Is there No One on Earth or C-Space who has the skills, brains and computing power to help me?
The Easter Bunny
Easter Bunny Centre
P.S. I promise to buy 1 Giant Pizza, with your favorite toppings, at your favorite Pizzeria, for ANYONE who can solve my problem in time for Easter! (Shipping & Transportation not included. You got to come here or I'll buy if I come there.)
4 comments:
The Bunneh should just contract this out to Halliburton/KBR or Bechtel/Parsons/Brinkerhoff. They could do it half as fast for twice as much.
"If it wasn't late and over budget, you'd think you were being cheated."
Funny you should suggest that. In cruising around the Web in a sincere effort to be Less Ignorant about the TSP, Vleeptron just discovered a web engine that actually promises that it will solve my Easter Bunny Problem.
And for FREE!
Well ... not solve exactly.
Suppose you have about 3,000,000,000 schoolchildren on a playground and you want to find the one who weighs most.
METHOD 1. Force each and every kid to step on a scale and get weighed.
METHOD 2. Walk all around the playground with binoculars for an hour, and finally point to one kid and say: "That One in the green socks.

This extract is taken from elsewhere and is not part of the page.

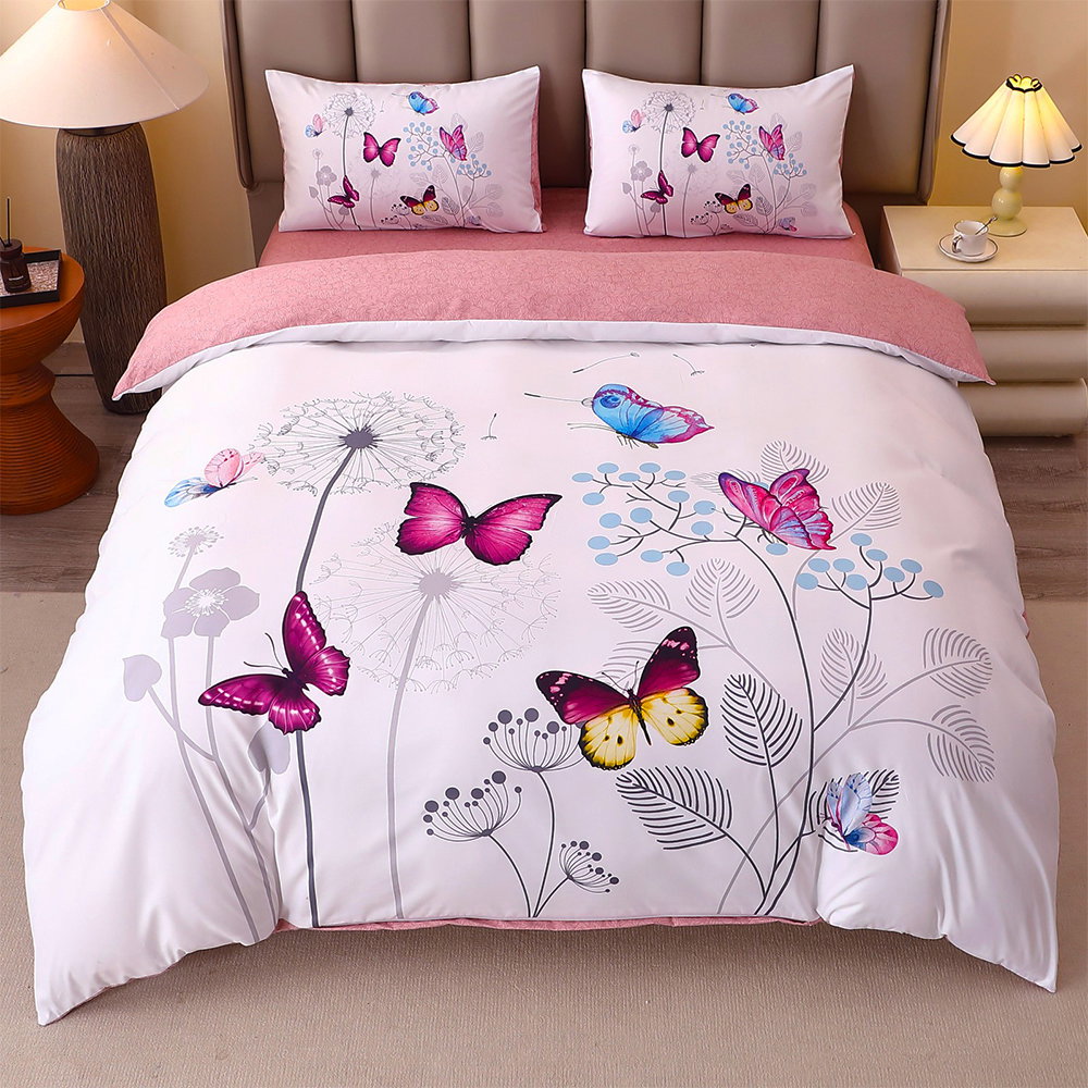 Lenjerie Floare de Camp cu Fluturi din Finet 5D cu Cearceaf Elastic 160/180x200cm, 4 Piese - LFDEB_A126C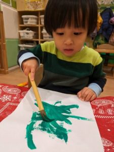 りんご組さんは初めて書道の筆を持ち緑の絵の具で墨絵のように、来年の干支の辰の体をダイナミックに描きました🐲

He looks like the heaviest one to me."
This free TSP web engine uses Method 2. Technically it's called Optimization.
If I really want the perfect answer to the Easter Bunny Problem, it still looks as if I'm going to have to grind this sucker out myself. Or maybe some totally unexpected Commenter will submit an answer. (And then I'll still have to do it myself to check his/her/its answer.)
They could do it half as fast for twice as much.